Metadata-Version: 2.4
Name: toporag
Version: 0.1.0
Summary: A topological data analysis library for detecting knowledge gaps in RAG systems.
Project-URL: Homepage, https://github.com/MuLIAICHI/toporag
Author: Mustapha LIAICHI
License: MIT
Requires-Python: >=3.9
Requires-Dist: beautifulsoup4>=4.10.0
Requires-Dist: httpx>=0.20.0
Requires-Dist: numpy>=1.20.0
Requires-Dist: openai>=1.0.0
Requires-Dist: ripser>=0.6.0
Requires-Dist: scikit-learn>=1.0.0
Description-Content-Type: text/markdown

# TopoRAG

TopoRAG is a Topological Data Analysis (TDA) library designed to detect conceptual gaps and blind spots in text documents, specifically useful for evaluating the context retrieved in Retrieval-Augmented Generation (RAG) pipelines.

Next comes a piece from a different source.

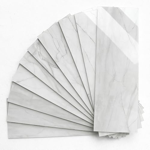 WALPLUS 28,5 x 14 cm @ 12 enheter vit marmor metro platt kakel klistermärke stänkstänk kakel färg klistra på plattor skala och klistra fast självhäftande väggplattor klistermärken för kök badrum kakel överföring WT1705
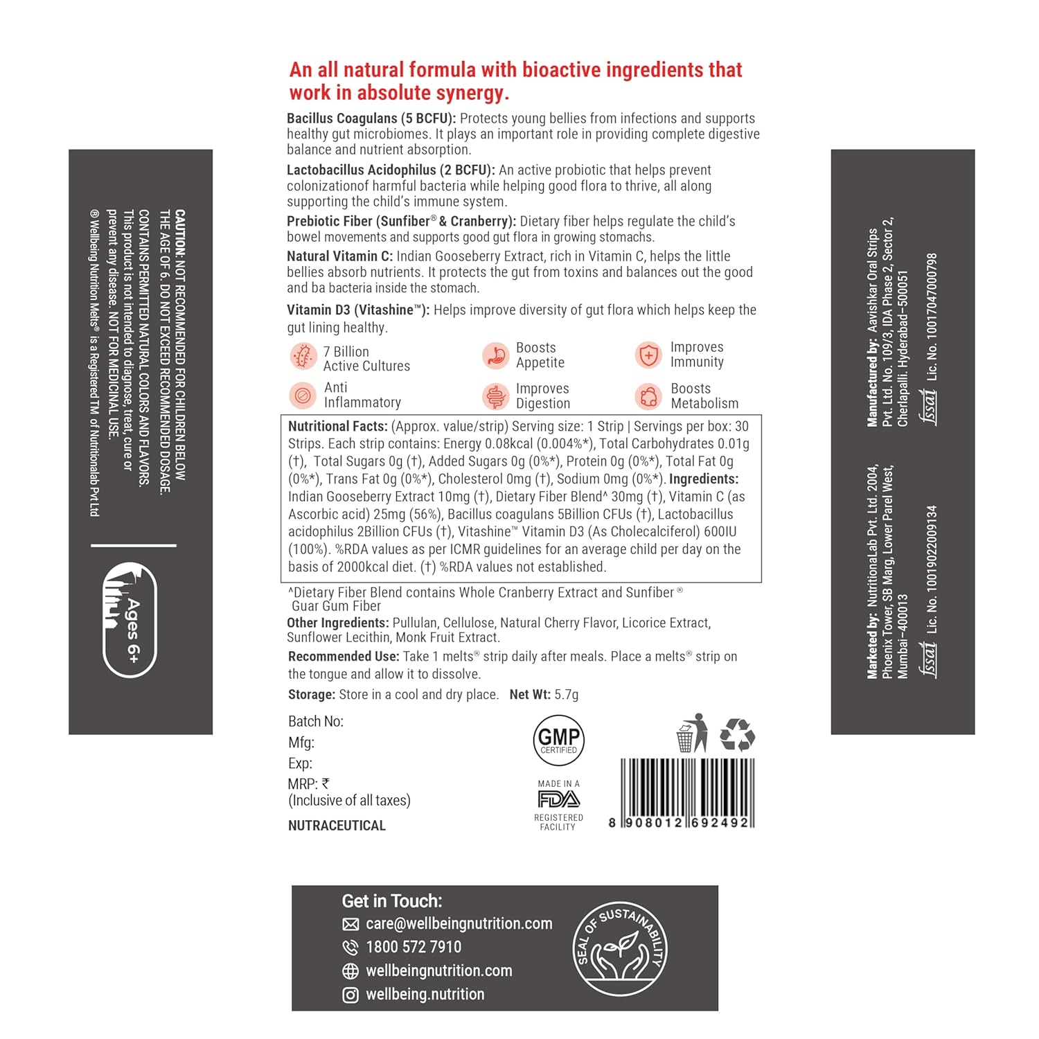Wellbeing Nutrition Marvel Melts Probiotics & Prebiotics for Kids | 7B CFU, Vitamin C & D3 | Improve Digestion, Immunity & Gut Health | 30 Oral Strips

By using Persistent Homology (via Ripser), it identifies topological "holes" in the semantic embedding space of your text, and then uses an LLM to label those missing concepts.

## Installation

```bash
pip install toporag
```

*(Note: Currently in development, install from source)*
```bash
git clone <repository>
cd toporag_lib
pip install -e .
```

## Setup

You need an OpenAI API key for text embeddings (`text-embedding-3-small`) and gap labeling (`gpt-4o-mini`). 

```bash
export OPENAI_API_KEY="sk-..."
```

## Basic Usage

```python
import asyncio
from toporag import TopoAnalyzer

async def main():
    analyzer = TopoAnalyzer() # Automatically picks up OPENAI_API_KEY
    
    texto = """
    We started the project with great enthusiasm. The team was assembled, 
    requirements were gathered, and we had a solid plan for the architecture.
    
    Finally, we deployed the application to production and celebrated our success. 
    The customers loved the final result and our metrics improved dramatically.
    """
    
    gaps = await analyzer.analyze_text(texto)
    for gap in gaps:
        print(f"Missing Topic: {gap['topic_label']}")
        print(f"Explanation: {gap['explanation']}")
        print("---")

if __name__ == "__main__":
    asyncio.run(main())
```

## API

### `TopoAnalyzer.analyze_text(text: str, threshold: float = 0.15, max_holes: int = 5, generate_suggestions: bool = True)`
Splits the text into segments, embeds them, finds gaps with persistence above `threshold`, and uses the LLM to label up to `max_holes` gaps.

### `TopoAnalyzer.analyze_url(url: str, ...)`
Scrapes the URL for readable text and runs the topological analysis.

### `TopoAnalyzer.analyze_segments(segments: List[str], ...)`
Runs the analysis directly on a pre-chunked list of strings.